BEGIN

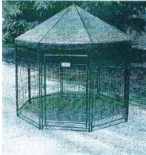
Figure 5 from Application

A second embodiment of the claimed portable animal kennel design shown with a roof feature covering the top portion is depicted in Figure 5:
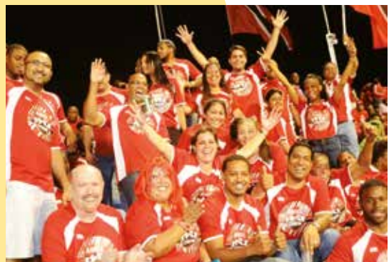
The patriotic ANSA Merchant Bank team supported the Soca Warriors at a qualifying game at the Hasely Crawford Stadium, Port of Spain
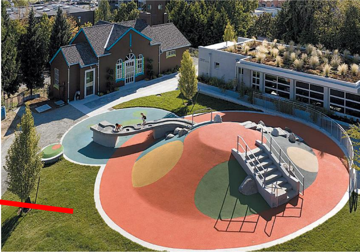
(Not to scale)

END

▶ _Your assignment_
Leave every picture out. Retype the remaining data exactly.

▶ _Task output_
Figure 5 from Application

A second embodiment of the claimed portable animal kennel design shown with a roof feature covering the top portion is depicted in Figure 5:
The patriotic ANSA Merchant Bank team supported the Soca Warriors at a qualifying game at the Hasely Crawford Stadium, Port of Spain
(Not to scale)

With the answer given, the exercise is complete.